Елена Евстигнеевна поднялась, тронула за плечо Морозова:

— Мы с вами договорились: вы им не мешайте, и при этом условии я положу Бориса к вам в клинику. А теперь мы будем пить чай — вместе с Борисом.

Морозов смирился. В душе он смеялся над причудами экс-балерины, но желание помочь другу было так велико, что сделал смиренный вид, и даже, как будто, одобрял идею Елены Евстигнеевны с привлечением знахарей.

ГЛАВА ВТОРАЯ

Борис Качан лежал в отдельной палате; напротив, в углу, стоял телевизор, над изголовьем — книжная полка. Острая боль отступила, но оставалась в груди, пульсировала ноющая ломота. Временами она точно волна накатывала к самому горлу, отдавалась в верхней части живота, и долго, мучительно долго держала весь организм в холодящем душу оцепенении. Затем, точно насытившись, начинала спадать. Борис в такие минуты закрывал глаза, старался ничего не видеть, ни о чём не думать. Он и потом, после того, как боль отпускала, слышал во всём теле мертвенную стужу, а в руках и ногах такую вялость, будто он вечность таскал пудовые камни.
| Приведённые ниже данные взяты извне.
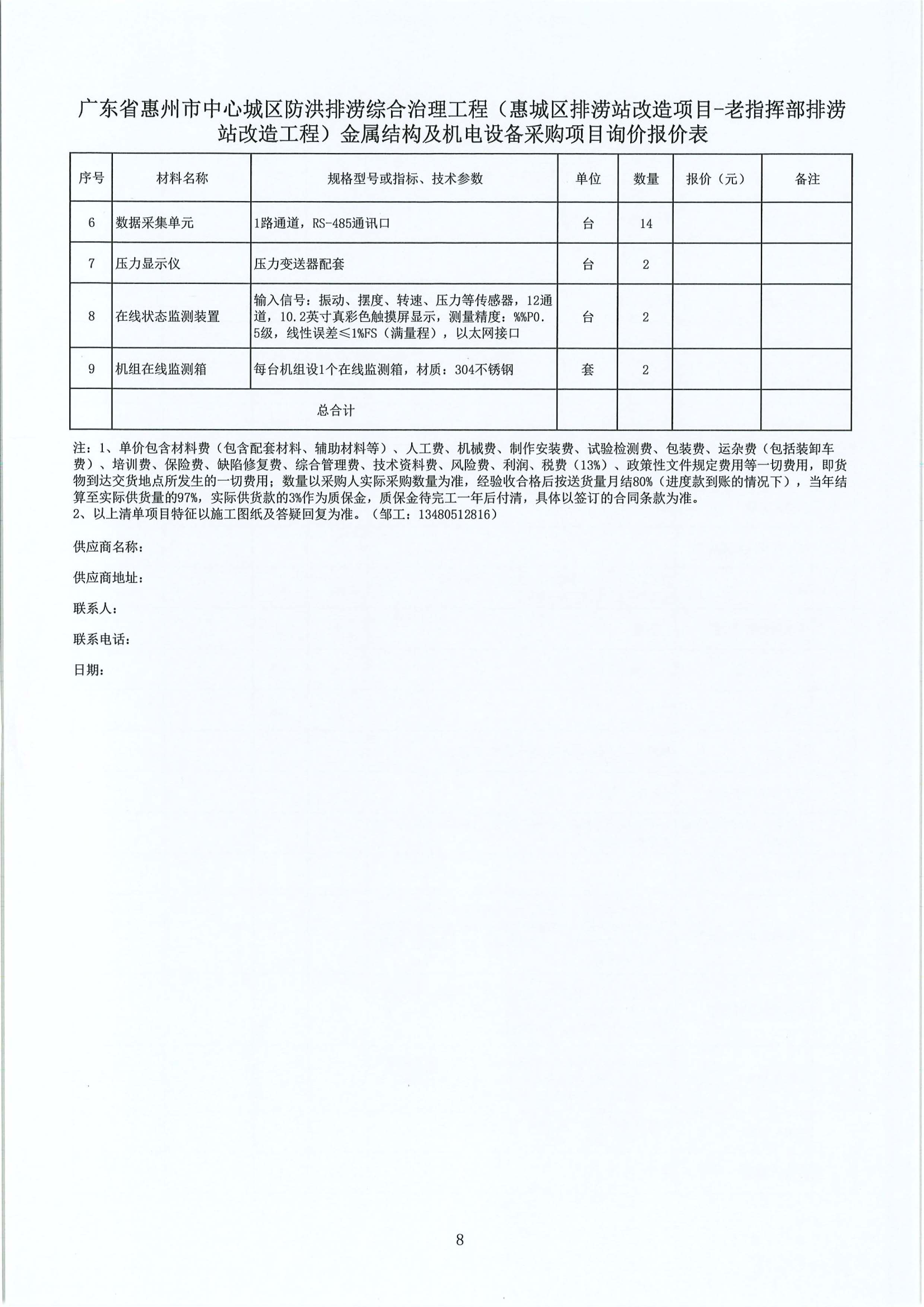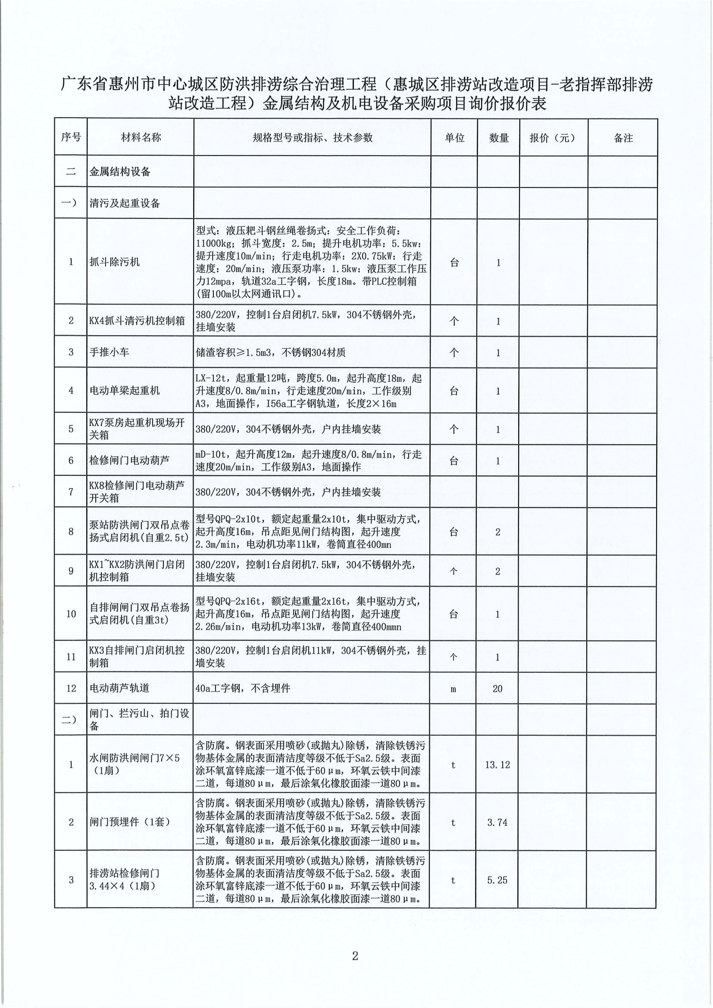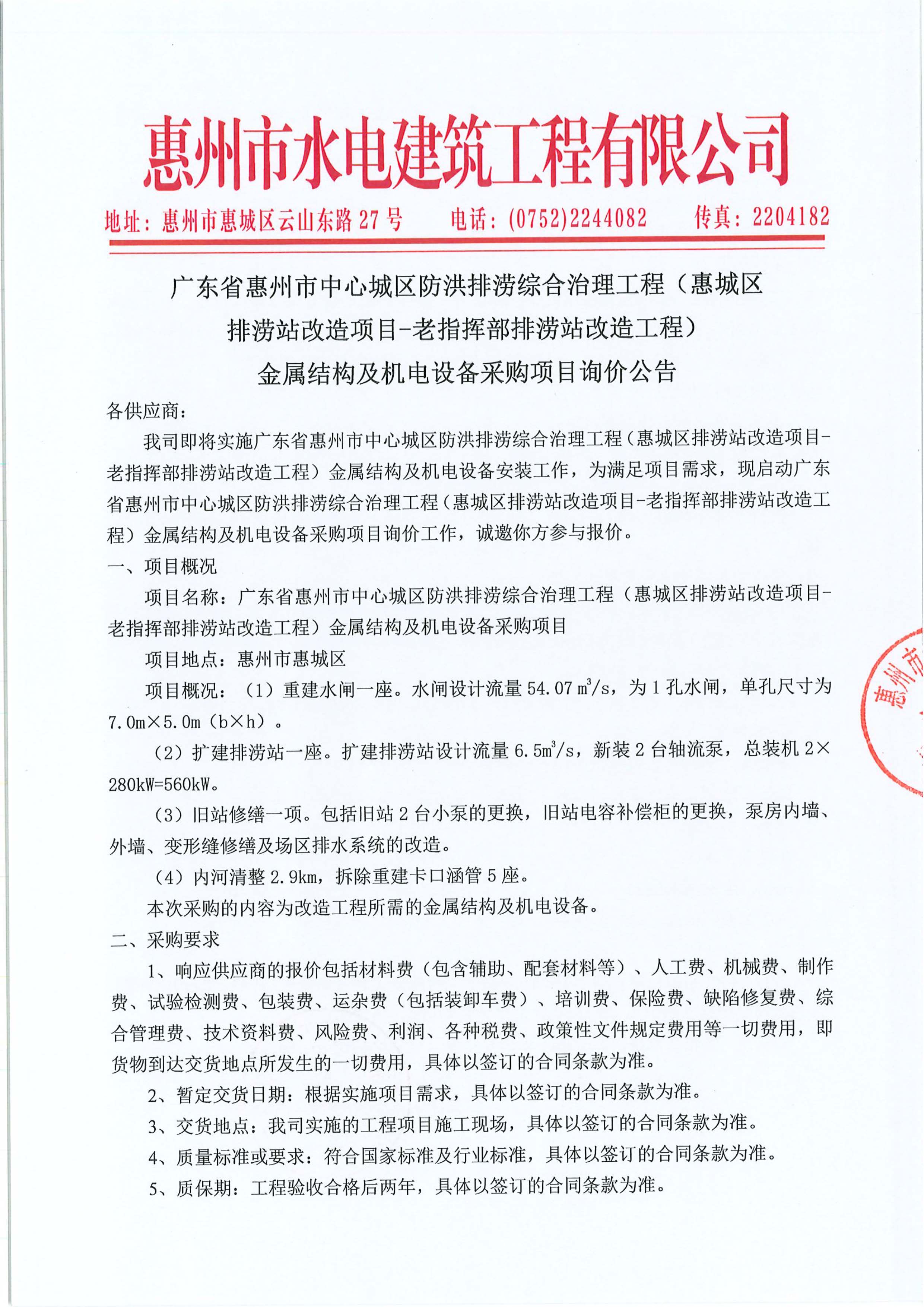 广东省惠州市中心城区防洪排涝综合治理工程(惠城区排涝站改造项目-老指挥部排涝站改造工程)金属结构及机电设备采购项目询价公告附件:

На третий день, когда были готовы анализы, к нему в сопровождении нескольких врачей подошёл профессор Сергей Сергеевич Соколов — руководитель клиники. Борис Качан ждал встречи с ним; он много слышал о блестящих операциях профессора, о каких-то операциях «без скальпеля», внедряемых в клинике, но толком ничего не знал и только слепо верил в его авторитет, в то, что профессор непременно ему поможет.